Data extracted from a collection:
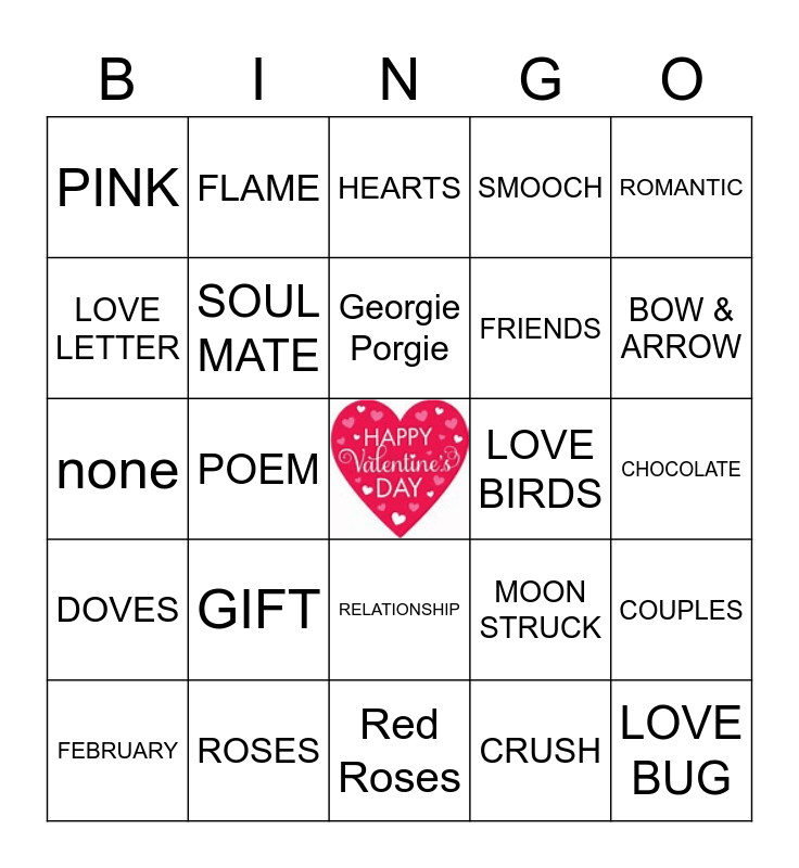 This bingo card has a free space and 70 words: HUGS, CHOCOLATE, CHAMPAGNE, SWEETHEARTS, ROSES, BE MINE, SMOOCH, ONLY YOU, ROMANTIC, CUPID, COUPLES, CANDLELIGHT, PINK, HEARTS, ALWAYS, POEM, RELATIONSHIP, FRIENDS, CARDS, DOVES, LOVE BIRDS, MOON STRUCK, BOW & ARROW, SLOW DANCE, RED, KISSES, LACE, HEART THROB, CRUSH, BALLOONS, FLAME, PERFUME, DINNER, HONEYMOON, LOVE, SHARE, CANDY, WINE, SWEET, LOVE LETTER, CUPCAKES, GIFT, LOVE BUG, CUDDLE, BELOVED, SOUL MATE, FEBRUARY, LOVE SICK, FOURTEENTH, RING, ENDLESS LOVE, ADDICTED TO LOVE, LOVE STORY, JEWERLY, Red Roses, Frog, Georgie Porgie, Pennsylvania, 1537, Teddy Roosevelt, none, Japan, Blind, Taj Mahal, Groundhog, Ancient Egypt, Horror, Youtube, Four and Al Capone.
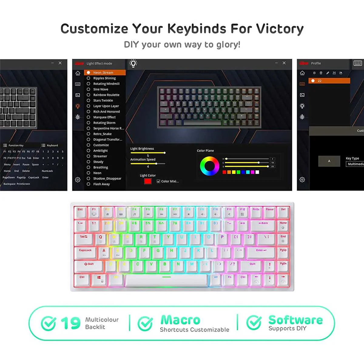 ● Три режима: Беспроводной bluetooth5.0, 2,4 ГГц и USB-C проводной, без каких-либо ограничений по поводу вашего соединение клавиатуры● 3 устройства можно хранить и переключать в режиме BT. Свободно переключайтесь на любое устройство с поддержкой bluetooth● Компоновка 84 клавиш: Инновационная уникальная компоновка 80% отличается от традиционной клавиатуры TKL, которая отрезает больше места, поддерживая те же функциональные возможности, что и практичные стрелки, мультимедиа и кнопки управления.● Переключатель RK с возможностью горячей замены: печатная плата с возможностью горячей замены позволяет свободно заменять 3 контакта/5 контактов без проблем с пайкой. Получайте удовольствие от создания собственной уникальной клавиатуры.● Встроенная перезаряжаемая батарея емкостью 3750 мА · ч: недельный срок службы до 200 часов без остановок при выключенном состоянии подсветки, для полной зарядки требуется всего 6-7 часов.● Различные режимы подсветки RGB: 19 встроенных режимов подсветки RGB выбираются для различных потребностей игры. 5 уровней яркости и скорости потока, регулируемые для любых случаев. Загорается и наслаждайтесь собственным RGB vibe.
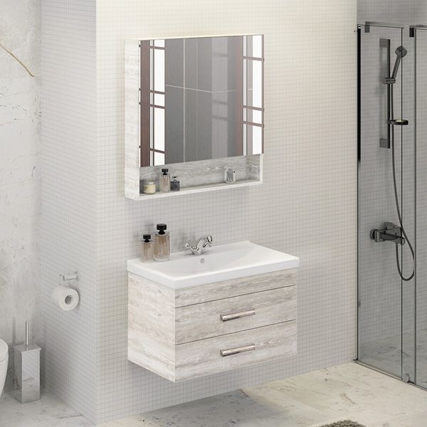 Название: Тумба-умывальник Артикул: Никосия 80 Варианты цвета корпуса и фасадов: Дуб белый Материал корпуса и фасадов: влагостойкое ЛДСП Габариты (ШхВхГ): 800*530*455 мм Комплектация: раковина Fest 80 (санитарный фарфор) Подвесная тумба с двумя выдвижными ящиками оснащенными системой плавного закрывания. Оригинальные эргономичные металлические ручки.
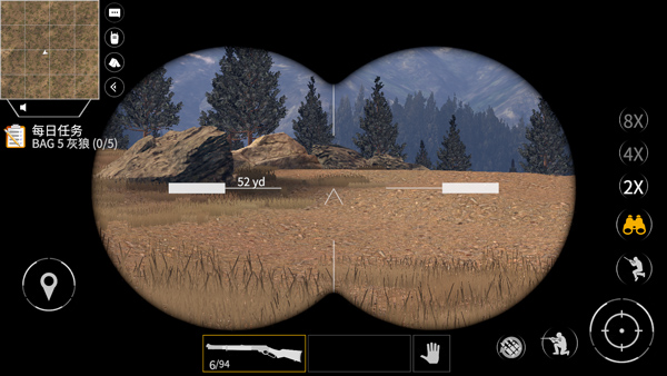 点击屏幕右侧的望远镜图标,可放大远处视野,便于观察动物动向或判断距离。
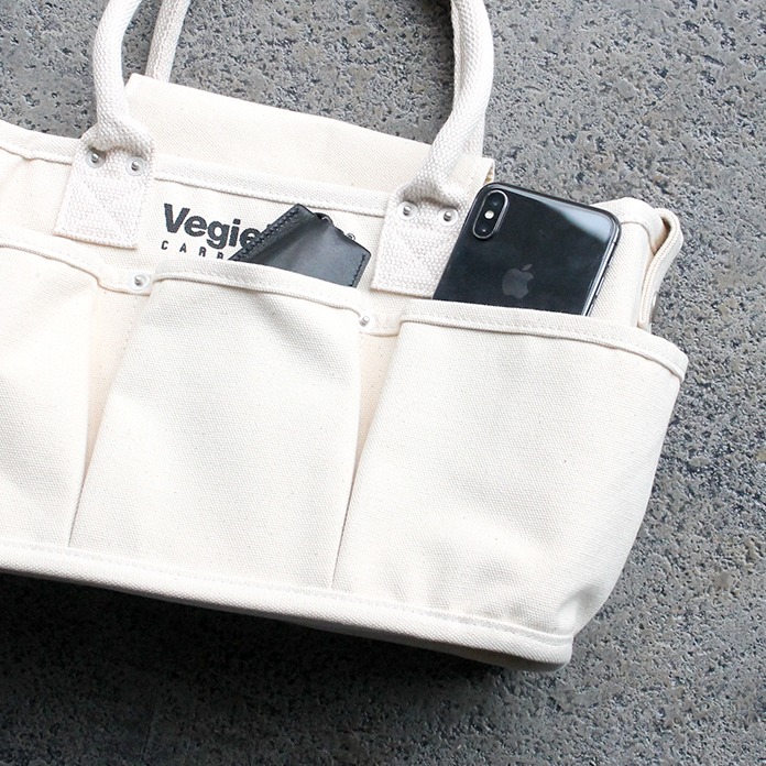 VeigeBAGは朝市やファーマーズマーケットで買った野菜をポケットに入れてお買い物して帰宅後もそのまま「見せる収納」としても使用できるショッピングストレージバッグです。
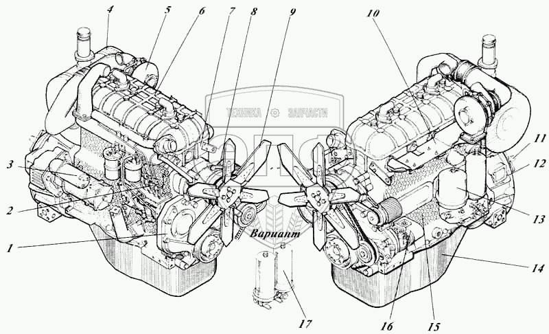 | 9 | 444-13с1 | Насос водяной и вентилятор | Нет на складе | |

◆ WHAT IS NEEDED ◆
All lines from the one with "点击屏幕右侧的望远镜图标,可放大远处视野,便于观察动物动向或判断距离。" through the end of the records above must be reproduced exactly, both ends included, and the pictures must be left out.

◆ PROBLEM SOLUTION ◆
 点击屏幕右侧的望远镜图标,可放大远处视野,便于观察动物动向或判断距离。
 VeigeBAGは朝市やファーマーズマーケットで買った野菜をポケットに入れてお買い物して帰宅後もそのまま「見せる収納」としても使用できるショッピングストレージバッグです。
 | 9 | 444-13с1 | Насос водяной и вентилятор | Нет на складе | |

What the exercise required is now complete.